Start of Block
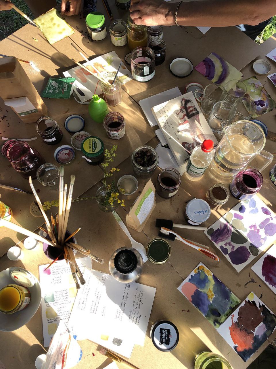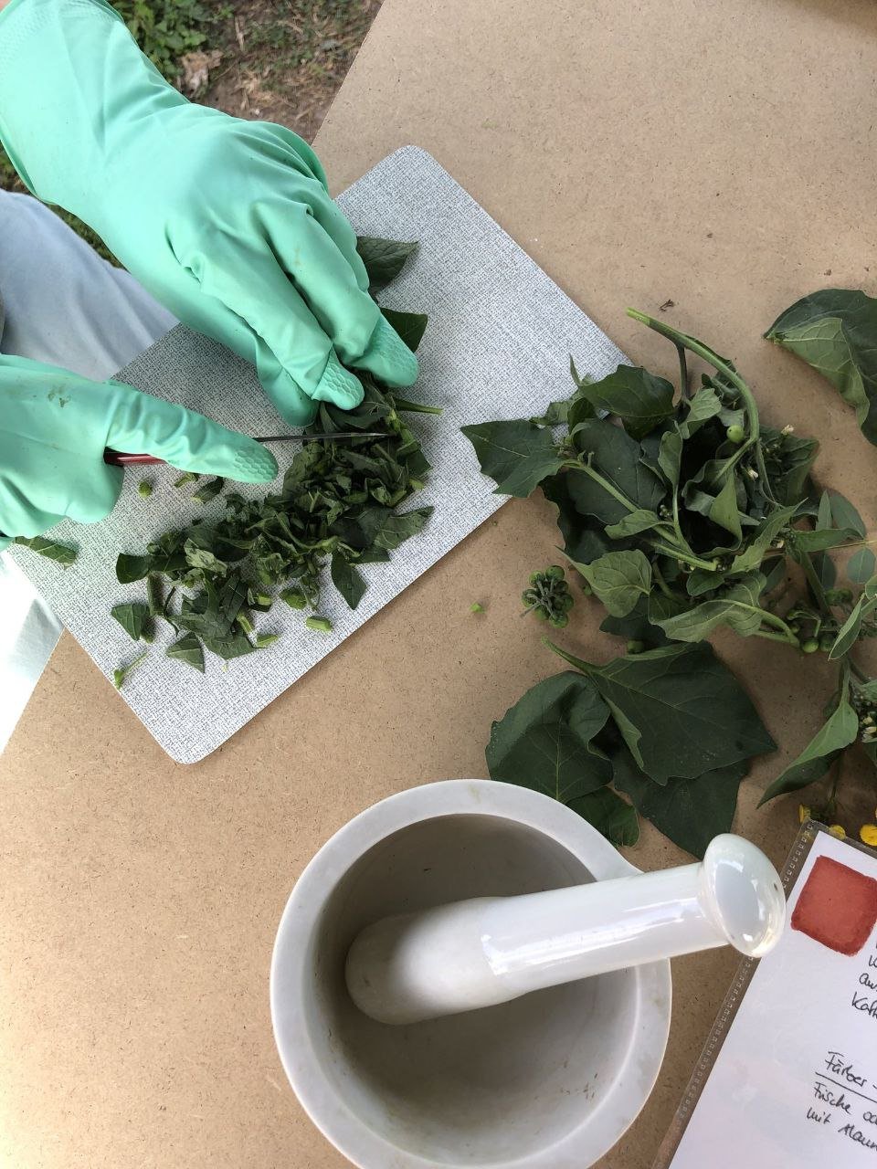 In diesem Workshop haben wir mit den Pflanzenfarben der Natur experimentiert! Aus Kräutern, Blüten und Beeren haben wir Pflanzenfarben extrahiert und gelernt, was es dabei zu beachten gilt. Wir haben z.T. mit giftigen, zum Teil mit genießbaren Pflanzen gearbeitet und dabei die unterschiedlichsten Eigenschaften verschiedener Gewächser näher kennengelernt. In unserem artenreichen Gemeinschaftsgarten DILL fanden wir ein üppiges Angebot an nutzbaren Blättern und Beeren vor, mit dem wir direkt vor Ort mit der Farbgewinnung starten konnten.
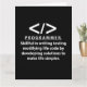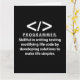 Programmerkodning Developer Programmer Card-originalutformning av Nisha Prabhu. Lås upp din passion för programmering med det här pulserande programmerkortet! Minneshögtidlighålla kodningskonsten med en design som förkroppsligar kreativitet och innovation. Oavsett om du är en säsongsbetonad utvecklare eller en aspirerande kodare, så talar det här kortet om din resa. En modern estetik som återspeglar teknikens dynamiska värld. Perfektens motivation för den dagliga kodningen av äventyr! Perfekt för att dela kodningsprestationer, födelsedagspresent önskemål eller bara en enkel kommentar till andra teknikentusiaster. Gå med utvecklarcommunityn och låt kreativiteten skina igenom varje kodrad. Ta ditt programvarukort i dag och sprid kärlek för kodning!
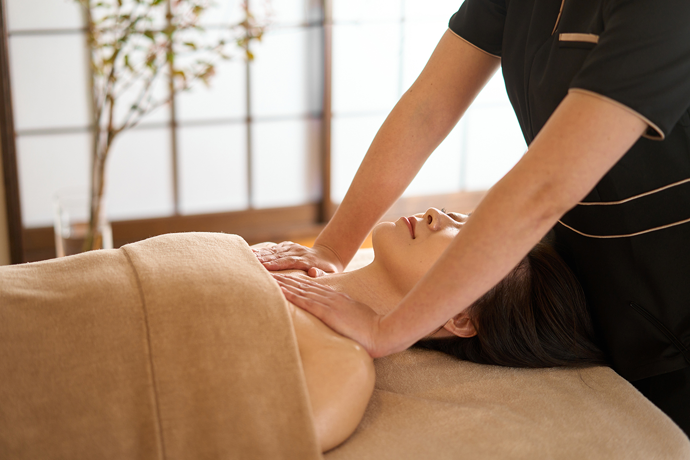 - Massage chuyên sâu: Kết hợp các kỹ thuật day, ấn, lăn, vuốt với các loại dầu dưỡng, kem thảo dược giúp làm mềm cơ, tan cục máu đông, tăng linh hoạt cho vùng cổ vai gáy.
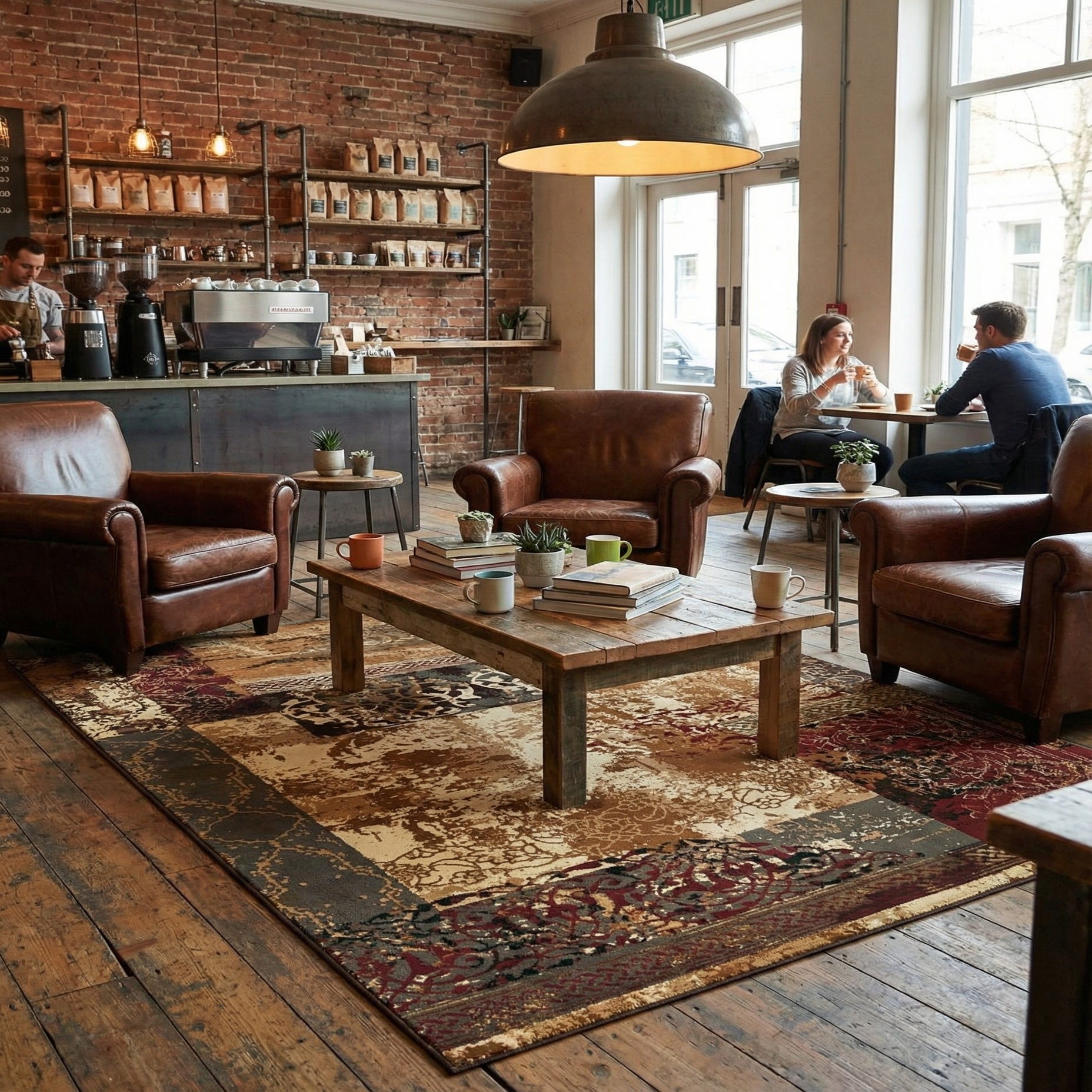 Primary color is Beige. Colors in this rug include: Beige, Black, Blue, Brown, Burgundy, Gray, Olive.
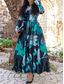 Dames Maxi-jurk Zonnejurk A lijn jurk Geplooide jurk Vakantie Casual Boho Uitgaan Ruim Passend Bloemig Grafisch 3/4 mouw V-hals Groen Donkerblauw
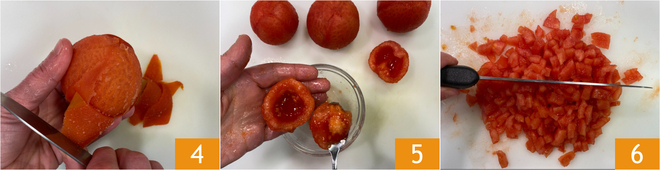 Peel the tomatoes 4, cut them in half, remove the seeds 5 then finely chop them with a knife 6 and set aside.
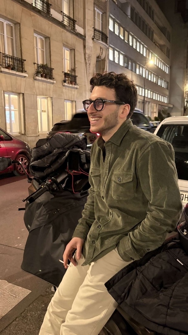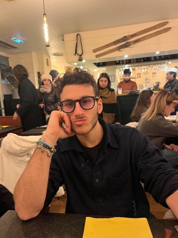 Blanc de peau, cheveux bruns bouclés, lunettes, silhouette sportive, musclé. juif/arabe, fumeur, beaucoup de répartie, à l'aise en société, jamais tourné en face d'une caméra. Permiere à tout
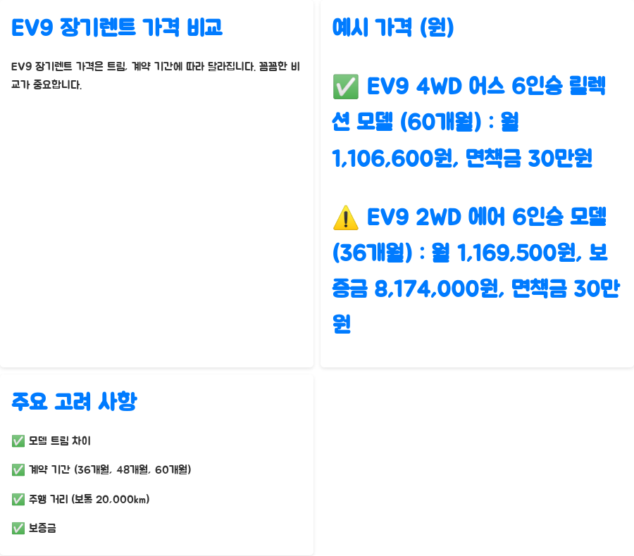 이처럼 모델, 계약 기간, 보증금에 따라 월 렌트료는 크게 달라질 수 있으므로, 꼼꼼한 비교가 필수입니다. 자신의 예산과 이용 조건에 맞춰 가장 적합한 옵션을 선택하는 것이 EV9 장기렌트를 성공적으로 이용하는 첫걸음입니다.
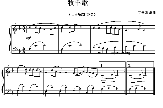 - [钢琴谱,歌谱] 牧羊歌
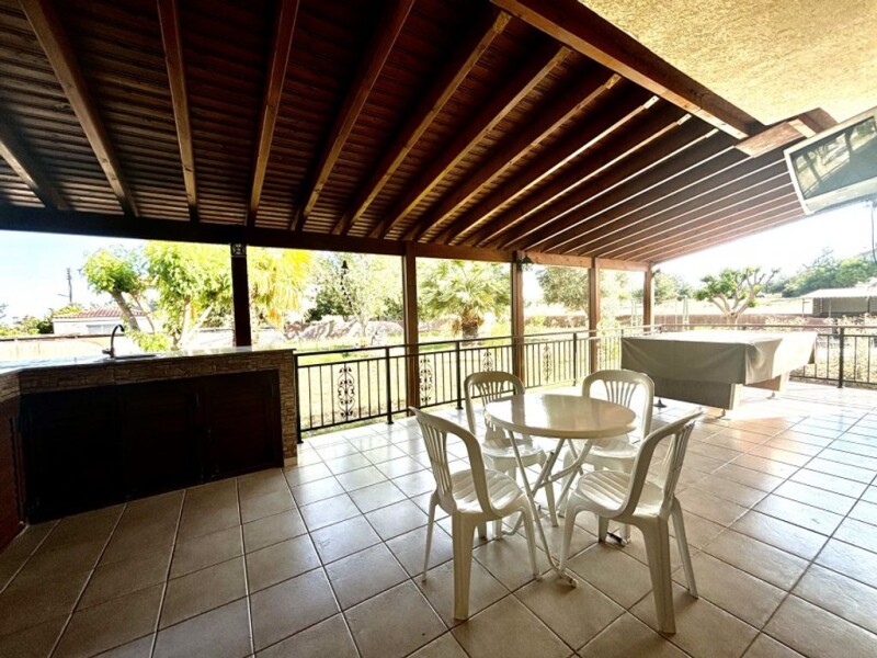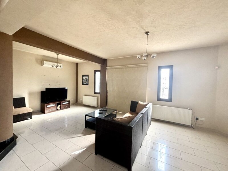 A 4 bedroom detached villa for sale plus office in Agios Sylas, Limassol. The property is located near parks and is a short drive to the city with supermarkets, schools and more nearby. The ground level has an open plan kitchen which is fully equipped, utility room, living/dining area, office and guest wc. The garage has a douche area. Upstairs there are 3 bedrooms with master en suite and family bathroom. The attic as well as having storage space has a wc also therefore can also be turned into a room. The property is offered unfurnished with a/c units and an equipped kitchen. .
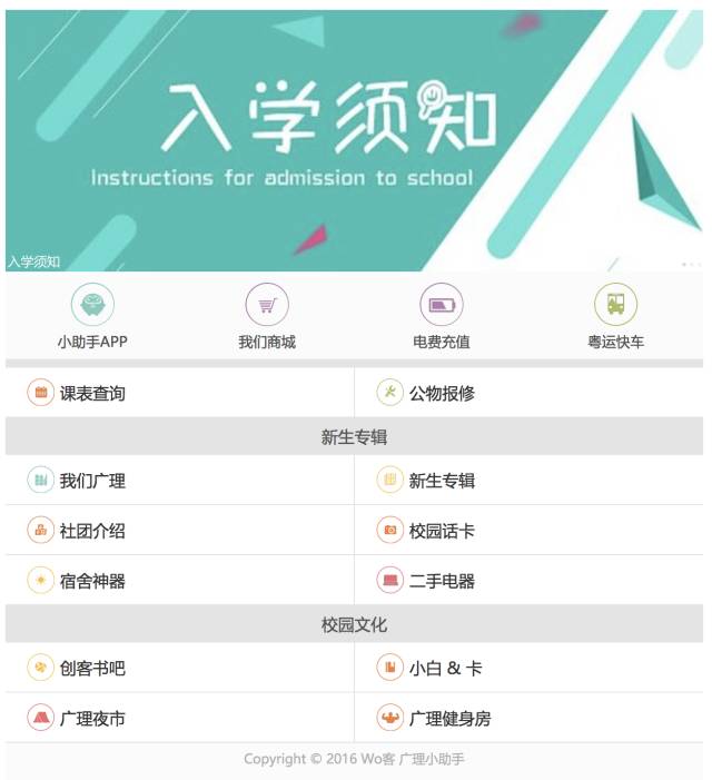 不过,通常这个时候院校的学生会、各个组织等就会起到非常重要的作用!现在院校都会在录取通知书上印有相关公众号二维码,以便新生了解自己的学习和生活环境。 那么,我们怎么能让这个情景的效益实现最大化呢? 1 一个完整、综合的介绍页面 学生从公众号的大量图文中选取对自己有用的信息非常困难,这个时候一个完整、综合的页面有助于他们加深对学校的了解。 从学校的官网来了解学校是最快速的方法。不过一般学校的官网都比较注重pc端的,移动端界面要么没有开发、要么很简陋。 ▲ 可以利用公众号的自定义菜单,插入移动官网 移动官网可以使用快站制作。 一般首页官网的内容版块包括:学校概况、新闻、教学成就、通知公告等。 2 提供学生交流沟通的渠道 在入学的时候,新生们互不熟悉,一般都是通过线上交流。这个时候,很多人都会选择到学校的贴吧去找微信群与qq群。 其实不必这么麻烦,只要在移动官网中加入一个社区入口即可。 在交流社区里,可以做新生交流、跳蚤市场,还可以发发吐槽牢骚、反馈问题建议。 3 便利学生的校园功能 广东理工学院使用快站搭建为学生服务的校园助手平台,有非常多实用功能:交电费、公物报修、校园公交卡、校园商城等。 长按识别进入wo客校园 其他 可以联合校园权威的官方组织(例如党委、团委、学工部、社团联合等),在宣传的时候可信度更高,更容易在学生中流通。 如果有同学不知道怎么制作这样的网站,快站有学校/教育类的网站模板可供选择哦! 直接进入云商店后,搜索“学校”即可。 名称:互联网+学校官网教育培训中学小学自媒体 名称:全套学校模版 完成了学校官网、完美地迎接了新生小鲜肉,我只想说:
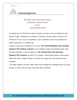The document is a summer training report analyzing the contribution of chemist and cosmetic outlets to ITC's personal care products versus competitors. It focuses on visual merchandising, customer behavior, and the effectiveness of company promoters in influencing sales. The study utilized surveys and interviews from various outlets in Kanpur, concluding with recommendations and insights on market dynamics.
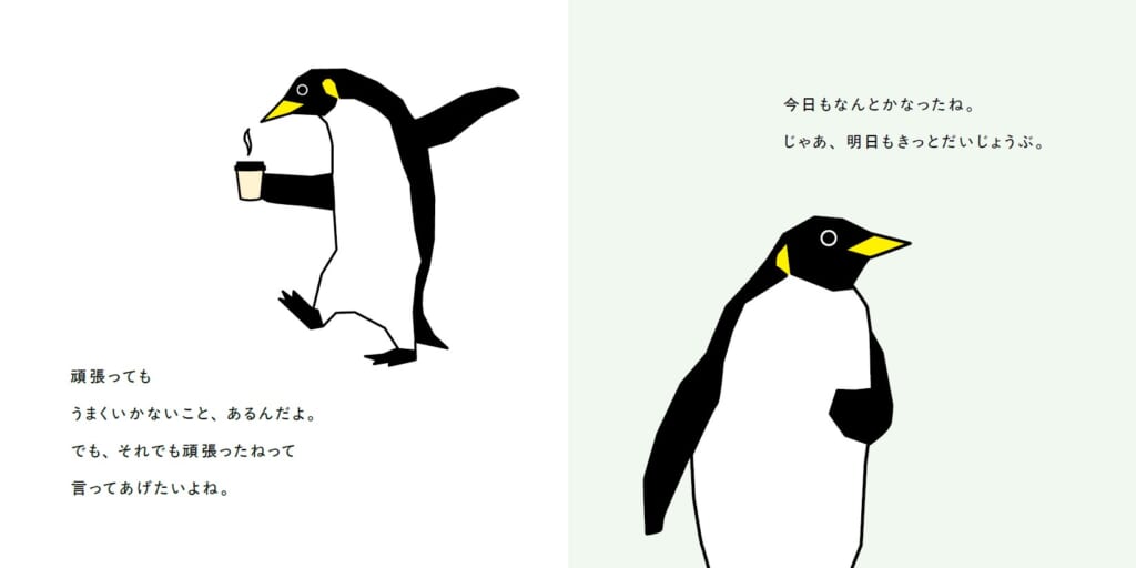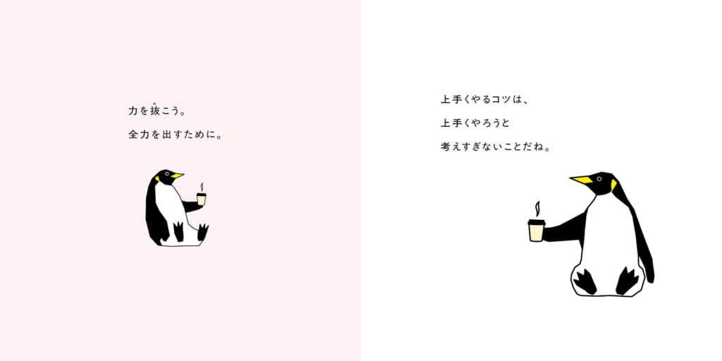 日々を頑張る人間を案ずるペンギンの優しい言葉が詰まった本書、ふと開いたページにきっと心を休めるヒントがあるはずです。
End of Block
Retype the whole of the data verbatim. Skip every picture.

 In diesem Workshop haben wir mit den Pflanzenfarben der Natur experimentiert! Aus Kräutern, Blüten und Beeren haben wir Pflanzenfarben extrahiert und gelernt, was es dabei zu beachten gilt. Wir haben z.T. mit giftigen, zum Teil mit genießbaren Pflanzen gearbeitet und dabei die unterschiedlichsten Eigenschaften verschiedener Gewächser näher kennengelernt. In unserem artenreichen Gemeinschaftsgarten DILL fanden wir ein üppiges Angebot an nutzbaren Blättern und Beeren vor, mit dem wir direkt vor Ort mit der Farbgewinnung starten konnten.
 Programmerkodning Developer Programmer Card-originalutformning av Nisha Prabhu. Lås upp din passion för programmering med det här pulserande programmerkortet! Minneshögtidlighålla kodningskonsten med en design som förkroppsligar kreativitet och innovation. Oavsett om du är en säsongsbetonad utvecklare eller en aspirerande kodare, så talar det här kortet om din resa. En modern estetik som återspeglar teknikens dynamiska värld. Perfektens motivation för den dagliga kodningen av äventyr! Perfekt för att dela kodningsprestationer, födelsedagspresent önskemål eller bara en enkel kommentar till andra teknikentusiaster. Gå med utvecklarcommunityn och låt kreativiteten skina igenom varje kodrad. Ta ditt programvarukort i dag och sprid kärlek för kodning!
 - Massage chuyên sâu: Kết hợp các kỹ thuật day, ấn, lăn, vuốt với các loại dầu dưỡng, kem thảo dược giúp làm mềm cơ, tan cục máu đông, tăng linh hoạt cho vùng cổ vai gáy.
 Primary color is Beige. Colors in this rug include: Beige, Black, Blue, Brown, Burgundy, Gray, Olive.
 Dames Maxi-jurk Zonnejurk A lijn jurk Geplooide jurk Vakantie Casual Boho Uitgaan Ruim Passend Bloemig Grafisch 3/4 mouw V-hals Groen Donkerblauw
 Peel the tomatoes 4, cut them in half, remove the seeds 5 then finely chop them with a knife 6 and set aside.
 Blanc de peau, cheveux bruns bouclés, lunettes, silhouette sportive, musclé. juif/arabe, fumeur, beaucoup de répartie, à l'aise en société, jamais tourné en face d'une caméra. Permiere à tout
 이처럼 모델, 계약 기간, 보증금에 따라 월 렌트료는 크게 달라질 수 있으므로, 꼼꼼한 비교가 필수입니다. 자신의 예산과 이용 조건에 맞춰 가장 적합한 옵션을 선택하는 것이 EV9 장기렌트를 성공적으로 이용하는 첫걸음입니다.
 - [钢琴谱,歌谱] 牧羊歌
 A 4 bedroom detached villa for sale plus office in Agios Sylas, Limassol. The property is located near parks and is a short drive to the city with supermarkets, schools and more nearby. The ground level has an open plan kitchen which is fully equipped, utility room, living/dining area, office and guest wc. The garage has a douche area. Upstairs there are 3 bedrooms with master en suite and family bathroom. The attic as well as having storage space has a wc also therefore can also be turned into a room. The property is offered unfurnished with a/c units and an equipped kitchen. .
 不过,通常这个时候院校的学生会、各个组织等就会起到非常重要的作用!现在院校都会在录取通知书上印有相关公众号二维码,以便新生了解自己的学习和生活环境。 那么,我们怎么能让这个情景的效益实现最大化呢? 1 一个完整、综合的介绍页面 学生从公众号的大量图文中选取对自己有用的信息非常困难,这个时候一个完整、综合的页面有助于他们加深对学校的了解。 从学校的官网来了解学校是最快速的方法。不过一般学校的官网都比较注重pc端的,移动端界面要么没有开发、要么很简陋。 ▲ 可以利用公众号的自定义菜单,插入移动官网 移动官网可以使用快站制作。 一般首页官网的内容版块包括:学校概况、新闻、教学成就、通知公告等。 2 提供学生交流沟通的渠道 在入学的时候,新生们互不熟悉,一般都是通过线上交流。这个时候,很多人都会选择到学校的贴吧去找微信群与qq群。 其实不必这么麻烦,只要在移动官网中加入一个社区入口即可。 在交流社区里,可以做新生交流、跳蚤市场,还可以发发吐槽牢骚、反馈问题建议。 3 便利学生的校园功能 广东理工学院使用快站搭建为学生服务的校园助手平台,有非常多实用功能:交电费、公物报修、校园公交卡、校园商城等。 长按识别进入wo客校园 其他 可以联合校园权威的官方组织(例如党委、团委、学工部、社团联合等),在宣传的时候可信度更高,更容易在学生中流通。 如果有同学不知道怎么制作这样的网站,快站有学校/教育类的网站模板可供选择哦! 直接进入云商店后,搜索“学校”即可。 名称:互联网+学校官网教育培训中学小学自媒体 名称:全套学校模版 完成了学校官网、完美地迎接了新生小鲜肉,我只想说:
The document is a summer training report analyzing the contribution of chemist and cosmetic outlets to ITC's personal care products versus competitors. It focuses on visual merchandising, customer behavior, and the effectiveness of company promoters in influencing sales. The study utilized surveys and interviews from various outlets in Kanpur, concluding with recommendations and insights on market dynamics.
 日々を頑張る人間を案ずるペンギンの優しい言葉が詰まった本書、ふと開いたページにきっと心を休めるヒントがあるはずです。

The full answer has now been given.